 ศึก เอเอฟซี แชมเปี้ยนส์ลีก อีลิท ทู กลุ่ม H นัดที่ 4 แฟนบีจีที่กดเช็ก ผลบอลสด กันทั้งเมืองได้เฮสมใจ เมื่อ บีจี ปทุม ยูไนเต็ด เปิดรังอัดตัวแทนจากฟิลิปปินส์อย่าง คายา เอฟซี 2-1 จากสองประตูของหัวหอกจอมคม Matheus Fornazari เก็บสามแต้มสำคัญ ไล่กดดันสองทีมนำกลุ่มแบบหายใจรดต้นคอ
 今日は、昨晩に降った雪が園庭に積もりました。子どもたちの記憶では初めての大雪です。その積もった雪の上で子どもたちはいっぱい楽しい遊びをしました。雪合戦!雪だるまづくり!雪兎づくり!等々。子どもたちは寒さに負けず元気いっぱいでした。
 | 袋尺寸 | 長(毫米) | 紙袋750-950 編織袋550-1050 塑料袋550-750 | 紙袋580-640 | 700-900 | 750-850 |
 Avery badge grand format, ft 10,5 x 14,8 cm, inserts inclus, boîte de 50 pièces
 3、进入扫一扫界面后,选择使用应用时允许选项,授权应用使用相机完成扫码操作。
━━━━━━━━━━━━━━━━━━━━
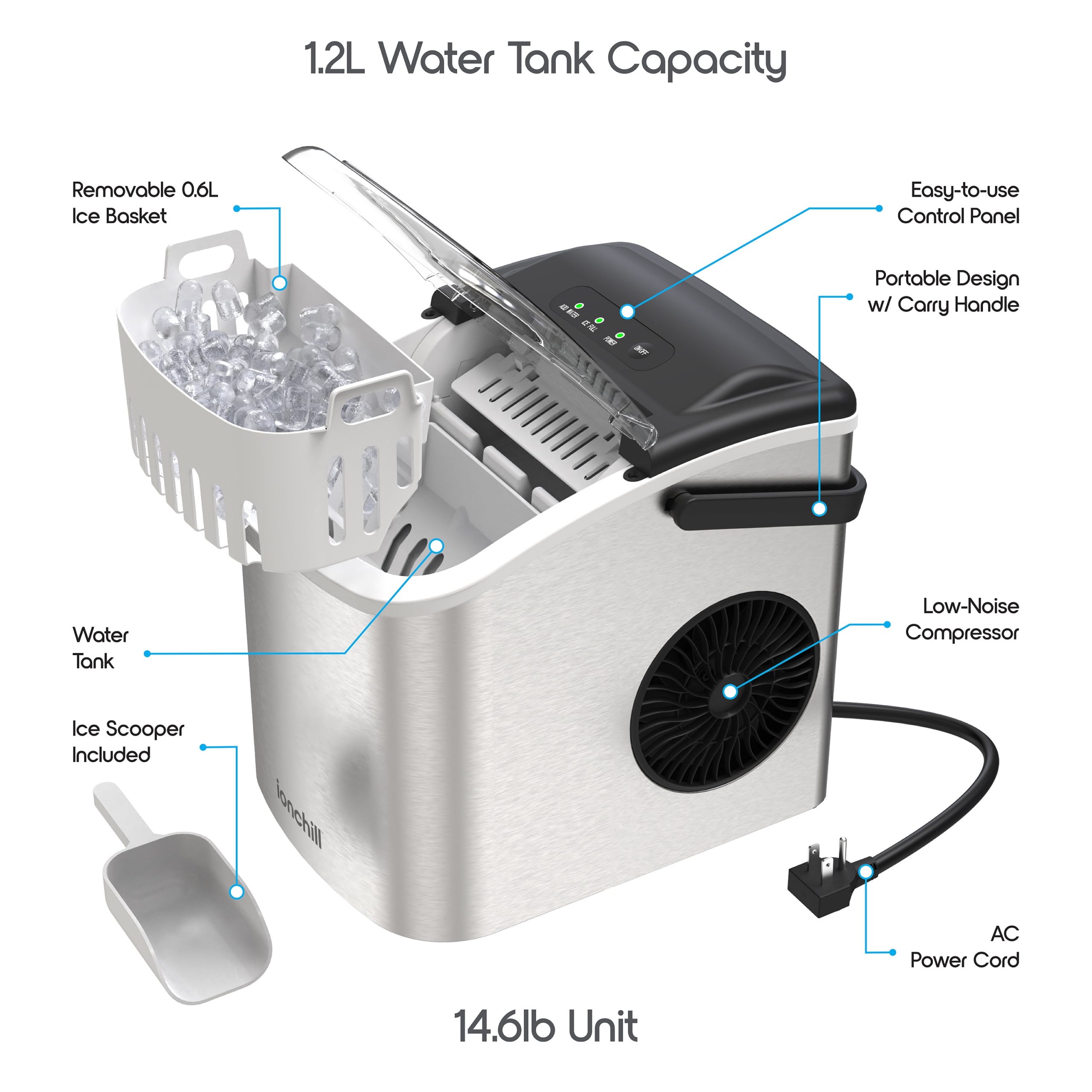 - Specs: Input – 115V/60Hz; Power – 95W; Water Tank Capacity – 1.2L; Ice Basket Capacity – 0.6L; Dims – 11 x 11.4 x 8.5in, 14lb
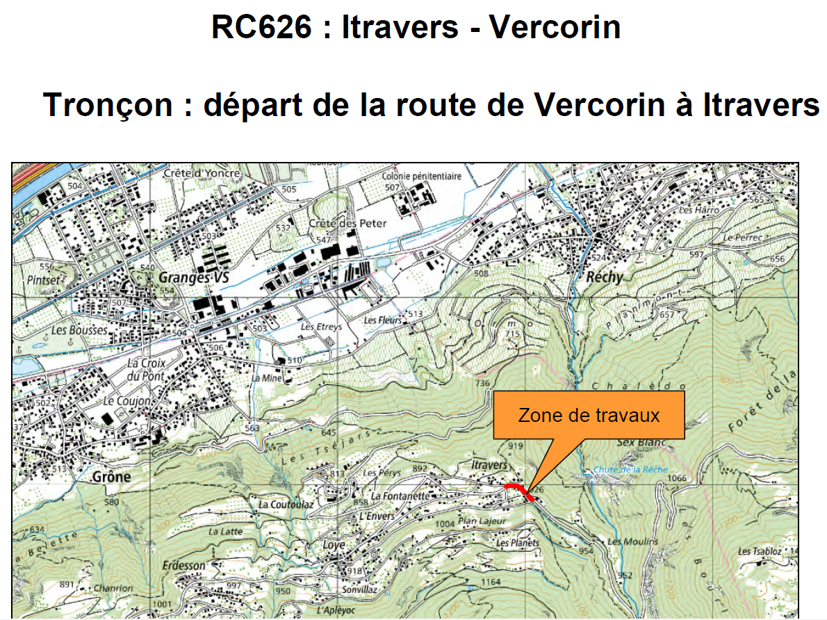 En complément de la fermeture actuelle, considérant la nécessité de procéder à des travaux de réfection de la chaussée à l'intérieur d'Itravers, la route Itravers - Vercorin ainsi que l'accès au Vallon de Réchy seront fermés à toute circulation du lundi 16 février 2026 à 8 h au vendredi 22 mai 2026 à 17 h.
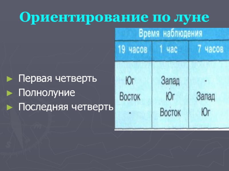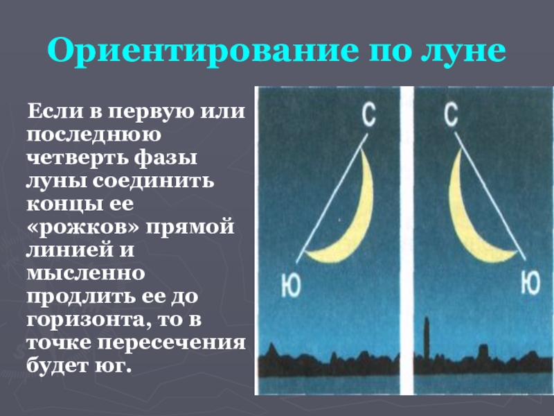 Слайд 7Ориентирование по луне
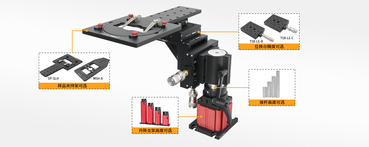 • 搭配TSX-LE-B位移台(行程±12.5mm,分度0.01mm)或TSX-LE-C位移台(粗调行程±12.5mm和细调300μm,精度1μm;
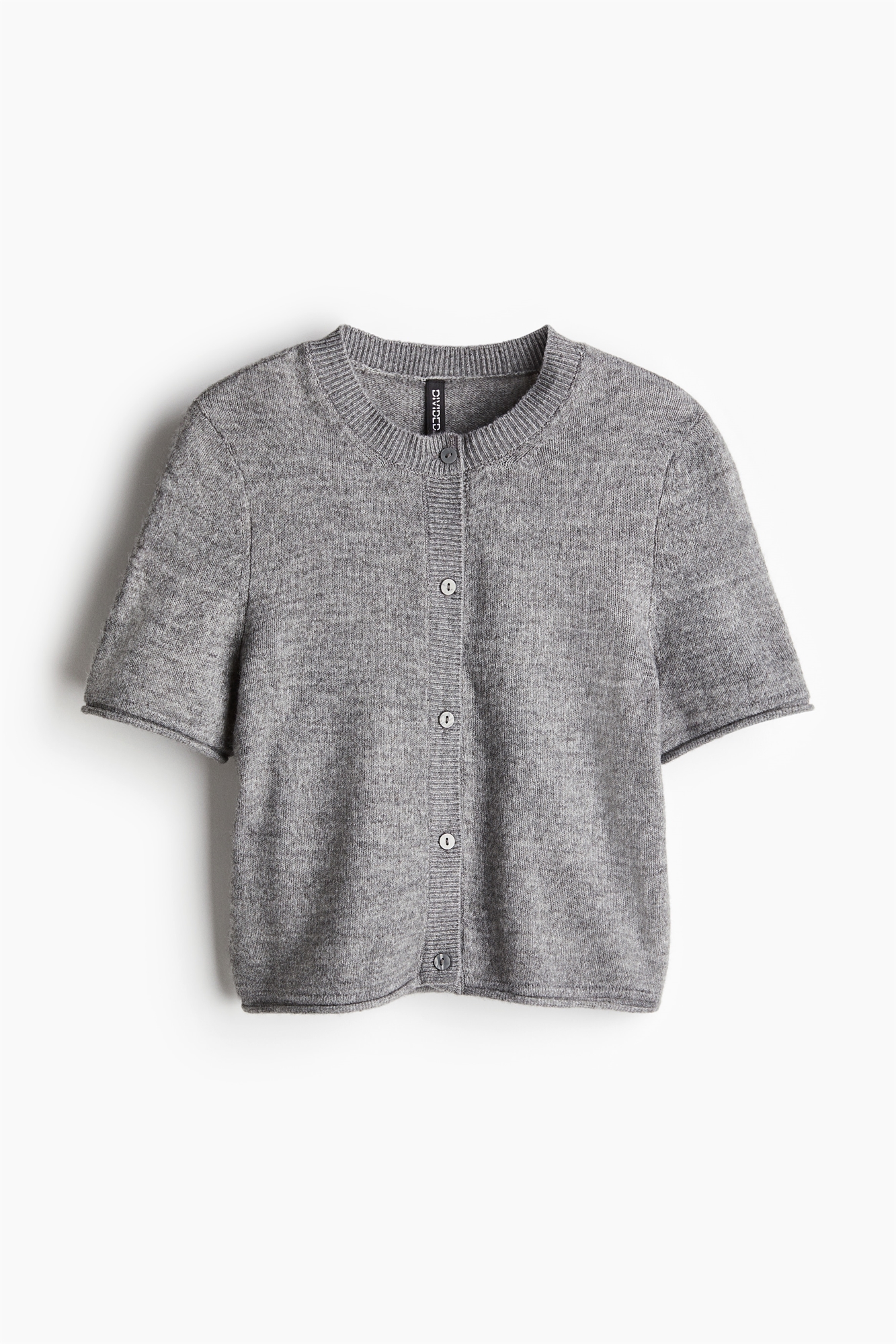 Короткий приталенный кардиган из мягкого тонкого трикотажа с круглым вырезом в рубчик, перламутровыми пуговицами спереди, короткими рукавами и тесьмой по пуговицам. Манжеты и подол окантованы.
━━━━━━━━━━━━━━━━━━━━
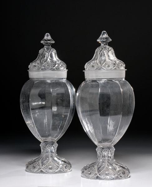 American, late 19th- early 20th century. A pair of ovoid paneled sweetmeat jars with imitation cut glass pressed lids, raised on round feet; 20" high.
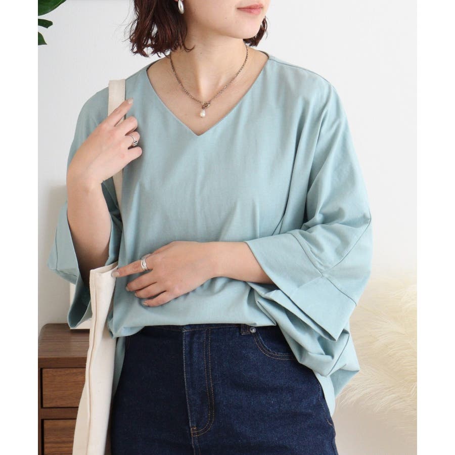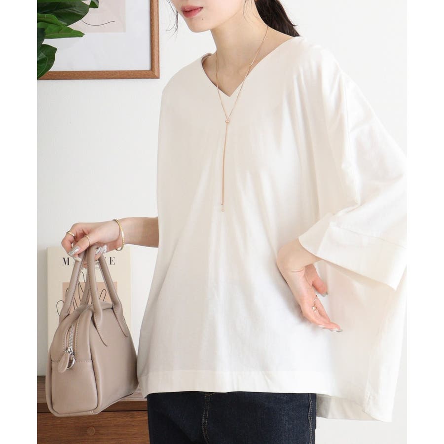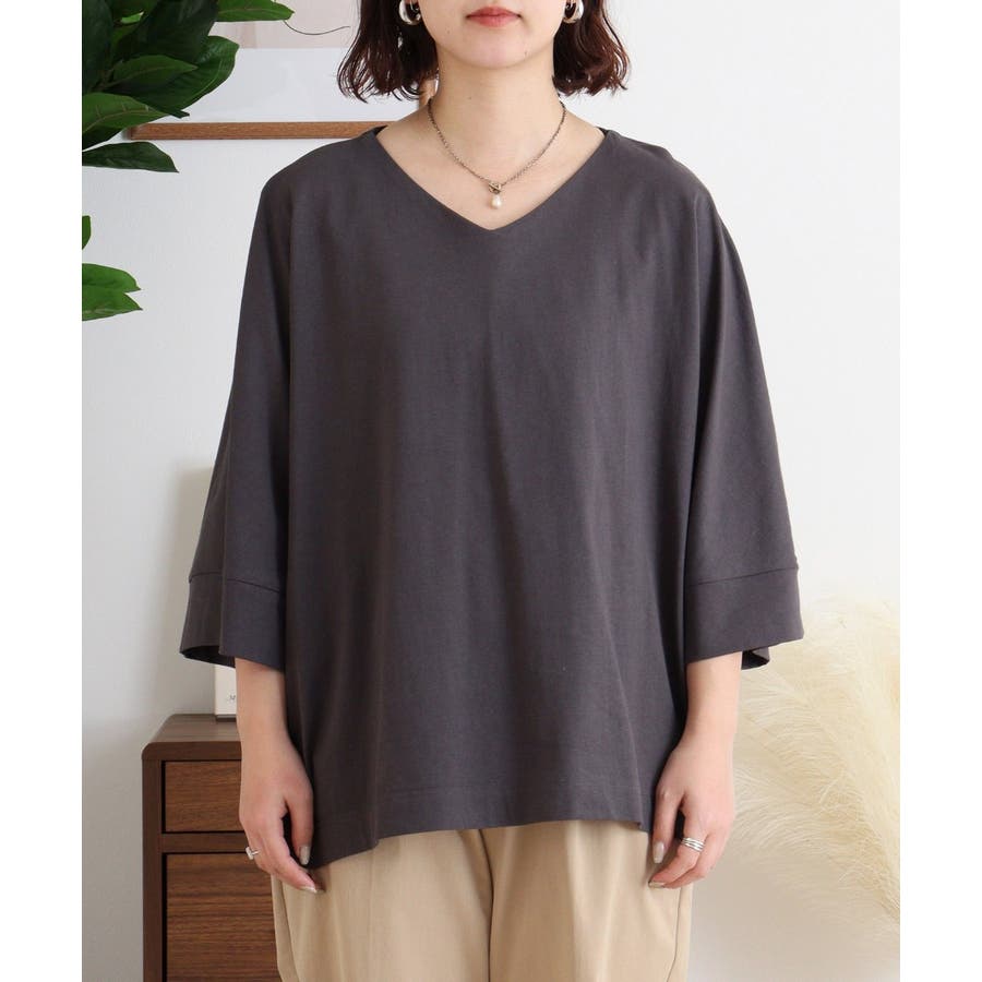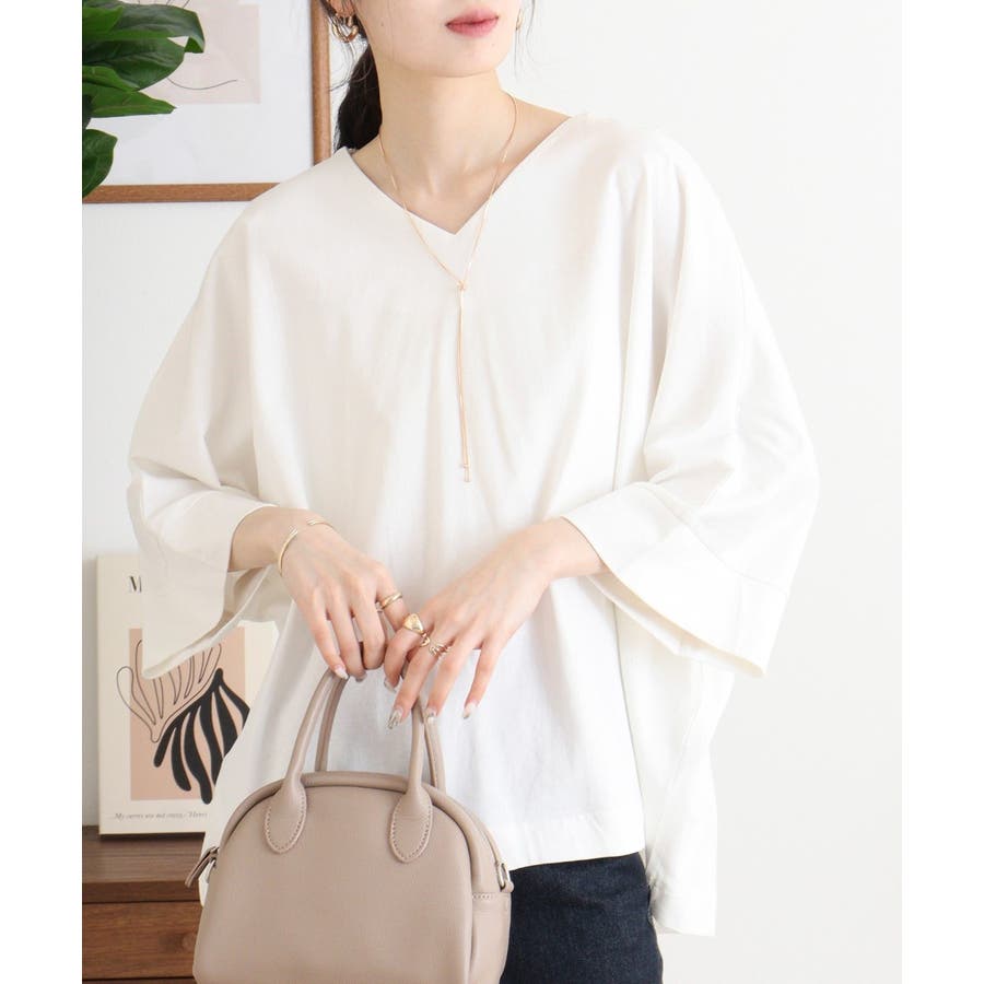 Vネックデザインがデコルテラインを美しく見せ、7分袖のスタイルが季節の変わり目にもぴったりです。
━━━━━━━━━━━━━━━━━━━━
## What is needed
In the listing above, find the line holding "700-900 | 750-850 |" and the line holding "3、进入扫一扫界面后,选择使用应用时允许选项,授权应用使用相机完成扫码操作。", then output those two lines and every line between them exactly.

## Reply to the exercise
 | 袋尺寸 | 長(毫米) | 紙袋750-950 編織袋550-1050 塑料袋550-750 | 紙袋580-640 | 700-900 | 750-850 |
 Avery badge grand format, ft 10,5 x 14,8 cm, inserts inclus, boîte de 50 pièces
 3、进入扫一扫界面后,选择使用应用时允许选项,授权应用使用相机完成扫码操作。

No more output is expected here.